Task statement:
Each entry below is to be given again word for word, with no pictures.

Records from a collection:

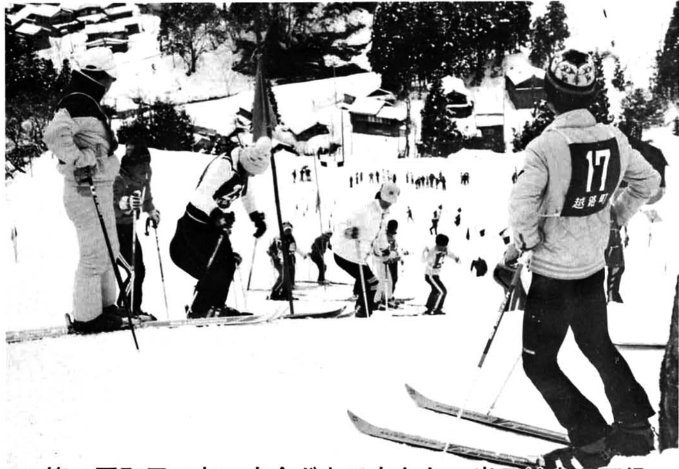
第21回町民スキー大会がおこなわれ、当日は良い天候に恵まれ多数の町民が参加されました。

■ 発行 / 越路町役場 (新潟県三島郡越路町) T.E.L. (02589) 2-3111 ■ 印刷 / 大川印刷株式会社
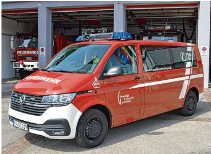
Das neue MTW ist seit Ende März einsatzbereit.

Als MTW beschafft, nach eigenen Ideen und Erfahrungen zum Führungsfahrzeug umgebaut
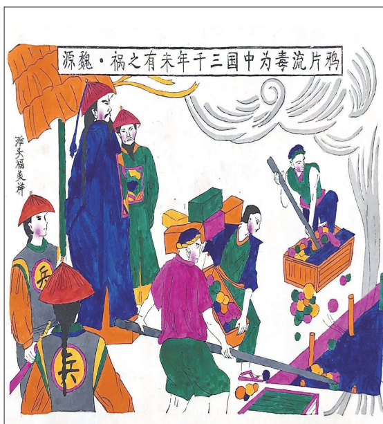
▲滩头木版年画作品《林则徐虎门销烟》。

Exercise response:
第21回町民スキー大会がおこなわれ、当日は良い天候に恵まれ多数の町民が参加されました。

■ 発行 / 越路町役場 (新潟県三島郡越路町) T.E.L. (02589) 2-3111 ■ 印刷 / 大川印刷株式会社
Das neue MTW ist seit Ende März einsatzbereit.

Als MTW beschafft, nach eigenen Ideen und Erfahrungen zum Führungsfahrzeug umgebaut
▲滩头木版年画作品《林则徐虎门销烟》。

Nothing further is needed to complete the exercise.